Afterwards, this cartilage is also reinserted into the destroyed cartilage site. However, the prerequisite for these two procedures is that only the cartilage of the joint is destroyed and the joint surface is still intact. Other modern approaches to arthrosis treatment concern daily food intake.

It is assumed that overacidification of the body is partly to blame for the formation of arthrosis and supports the progress of joint degeneration. Another possibility for the treatment of arthrosis is the use of homeopathic remedies. – Skiing

  • Tennis
  • Climbing
  • Football etc.
  • Running or light jogging
  • And crawl swimming
  • Crosstrainer /Ergomerter
  • Cycling

Arthrosis is the most common joint disease in Germany. The cause of arthrosis is in most cases an incorrect load, which is caused by a lack of exercise or extreme sports. This is followed by degenerative changes in the corresponding joint.

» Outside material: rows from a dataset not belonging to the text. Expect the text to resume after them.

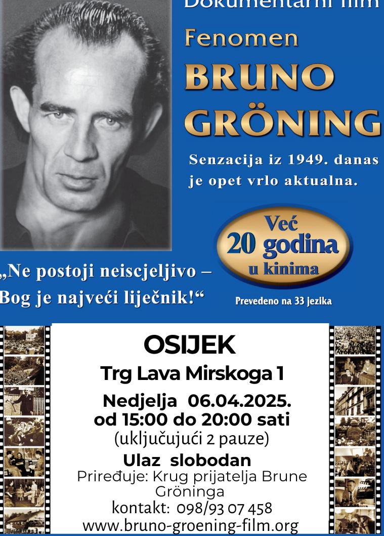 U Nedjelju 6.4.2025. u Velikoj dvorani Gradske četvrti Gornji grad, Trg Lava Mirskog 1, s početkom u 15.00h, u organizaciji Kruga prijatelja Brune Groeninga bit će prikazan film Fenomen Bruno Groening. Ulaz za sve zainteresirane je slobodan.
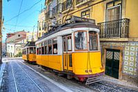 Prachtige opname van een traditionele gele tram in de smalle steile straten van Lissabon, Portugal
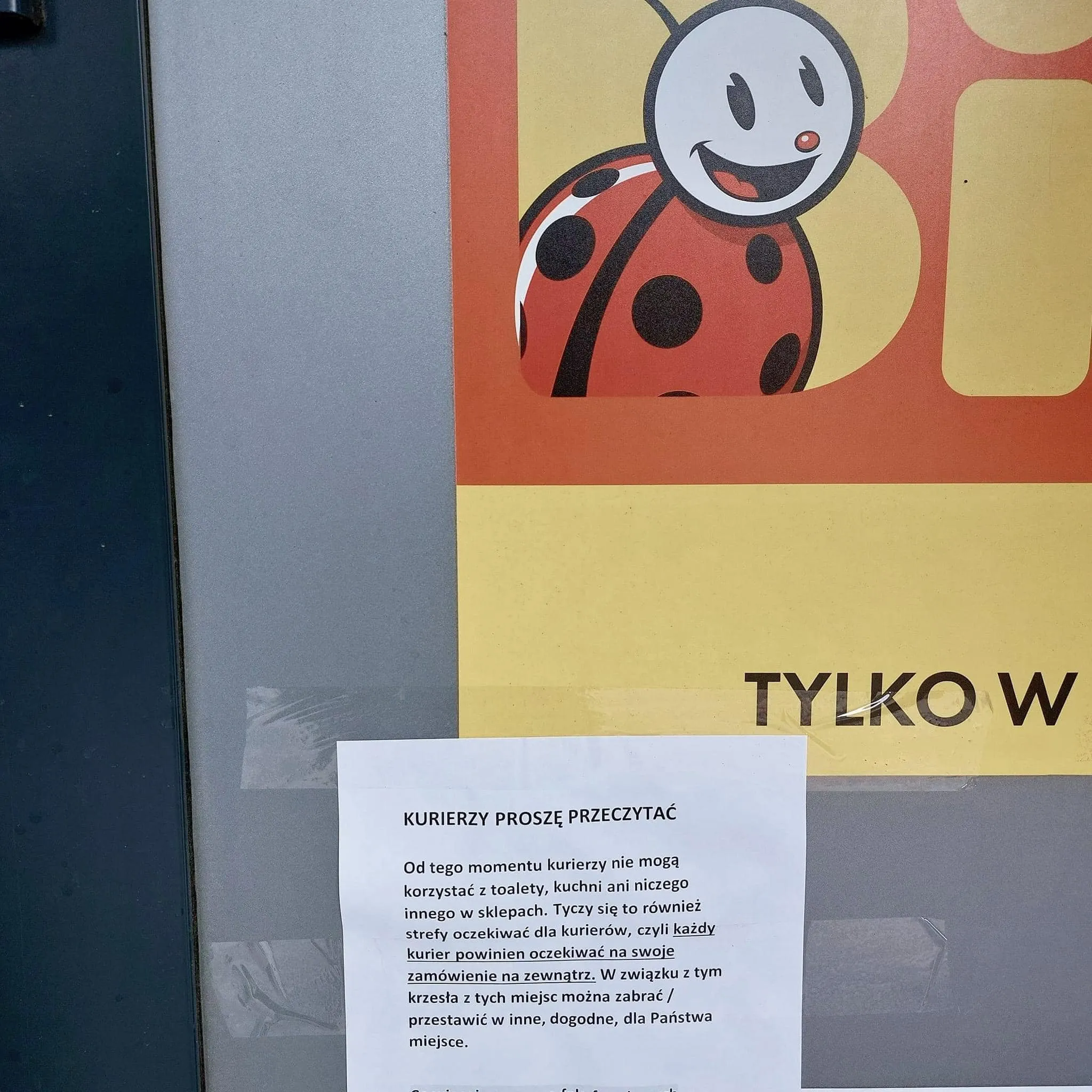 Internet obiegła wywieszona w jednym ze sklepów dyskontowej sieci kartka, która... no cóż, jest po prostu szalenie smutna. Wynika z niej, że kurierzy Glovo są niemile widziani w Biedronce. Na tyle, że nie mogą w niej korzystać ani z toalety, ani z kuchni. Ba, w ogóle nie powinni przekraczać progu sklepu. I na towar grzecznie czekać na zewnątrz.
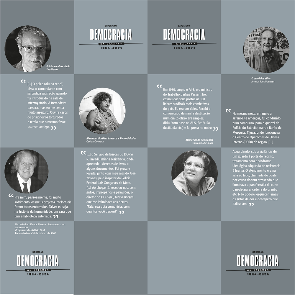 A exposição “Democracia na Balança (1964–2024)”, realizada em parceria com o Programa de Pós-Graduação em História da Universidade Salgado de Oliveira, tem como objetivo apresentar os inúmeros desafios enfrentados na construção e na manutenção da democracia no Brasil. Com um recorte especialmente pertinente, articula os 60 anos do golpe civil-militar de 1964 aos recentes acontecimentos de 8 de janeiro de 2023 — eventos que evidenciam a constante fragilidade da democracia brasileira.

At first, the joint cartilage becomes thinner, small holes are created and become increasingly larger. Finally, the two joint surfaces rub against each other unhindered, which leads to the well-known movement-related pain. In the further course of time, the bone of the joint surfaces also wears out.

As soon as pain occurs, a doctor is usually consulted. The doctor first tries to find out from the patient’s medical history what could be the cause of the pain. Based on the joints frequently affected by osteoarthritis, the suspected diagnosis can be made at an early stage.

In most cases, osteoarthritis occurs in joints that are under particular strain. These include the knee joint, the hip joint, the shoulder joint and the finger joints. The physical examination shows whether it is an inflammation (overheated swollen painful joints).

However, it is only during an operation on the open joint that it is possible to see for certain how severely a joint has degenerated. A diet alone cannot prevent or cure osteoarthritis. However, the importance of regular acidification through diet has recently become more and more important.

Osteoarthritis is much more common in western countries than in developing countries, although it can be assumed that the work performed by the population in developing countries places a much greater strain on the joints than in western countries. It is therefore assumed that the combination of a lack of exercise and sudden overloading (extreme sport) is one of the main factors for arthrosis. Furthermore, incorrect loading (too frequent and incorrect sitting and moving) is considered to be one of the main causes of arthrosis.